The genetic and metabolic architecture of mortality risk represents a fundamental, yet poorly understood, challenge in human medicine and livestock breeding. Here serum metabolomics and multi‐omics data is integrated in a designed 3‐generation chicken model (n = 1,277) with divergent mortality. The analysis reveals a trade‐off between heightened inflammatory responses and impaired growth in susceptible animals. To uncover the genetic underpinnings, 45,585 metabolite quantitative trait loci are identified, which are predominantly enriched among liver‐specific regulatory variants. Using a machine learning approach, a robust 16‐metabolite signature is established, including hexyl glucoside and pyrraline, that accurately predicts mortality risk.

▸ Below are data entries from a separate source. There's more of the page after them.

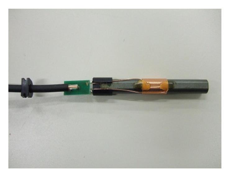
PCB Side A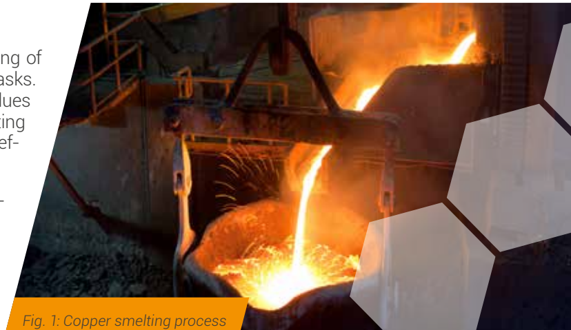
Fig. 1: Copper smelting process

Throughout the whole „copper matte handling process“ in the converter, extraction at multiple points is required. To ensure efficient filtration, the process is vacuumed here at a total of three different points. Right from the filling of the converter, emissions occur. Therefore, there is a first suction on the double flap for filling the chalcocite from the flash smelting furnace.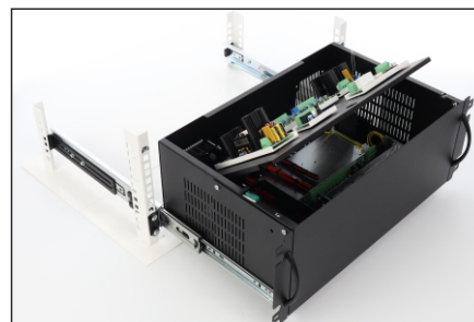
Mounting on a ARAS450N rail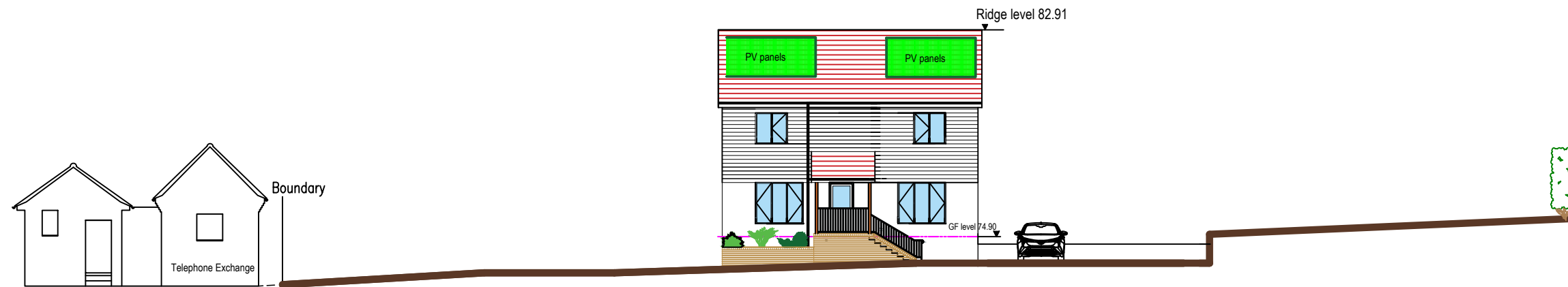
Proposed Street Scene

Residential development at 6 Hill Road, Gt Sampford CB10 2RT Alterations and extensions to existing dwelling Existing and proposed street scene Drawing No RMDS/HR/1006 Scale 1:200 @ A3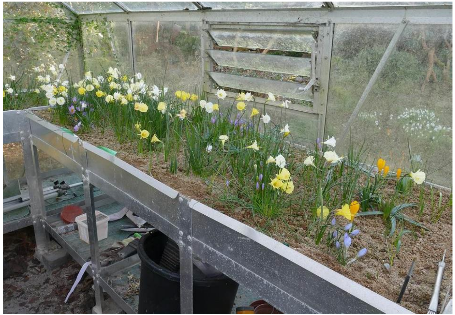
Now for a few pictures as a reminder of the bulbs flowering in the sand beds through the year – this is the stage of growth when I add the potassium.

Importantly, these metabolites and their genetic loci offer practical targets for genomic selection in chicken breeding, providing a direct approach to enhance disease resistance and survival. Cross‐species comparison with human data revealed conserved metabolic dysregulation pathways, while also highlighting species‐specific immuno‐metabolic pathophysiology. Furthermore, the findings pinpoint butyrate‐mediated microbiota‐host interactions and the dual antioxidant functions of L‐cysteine as critical regulatory mechanisms. Together, these results delineate an evolutionarily conserved immuno‐metabolic framework for mortality risk, offering novel biomarkers for selective breeding and potential therapeutic targets for human metabolic diseases.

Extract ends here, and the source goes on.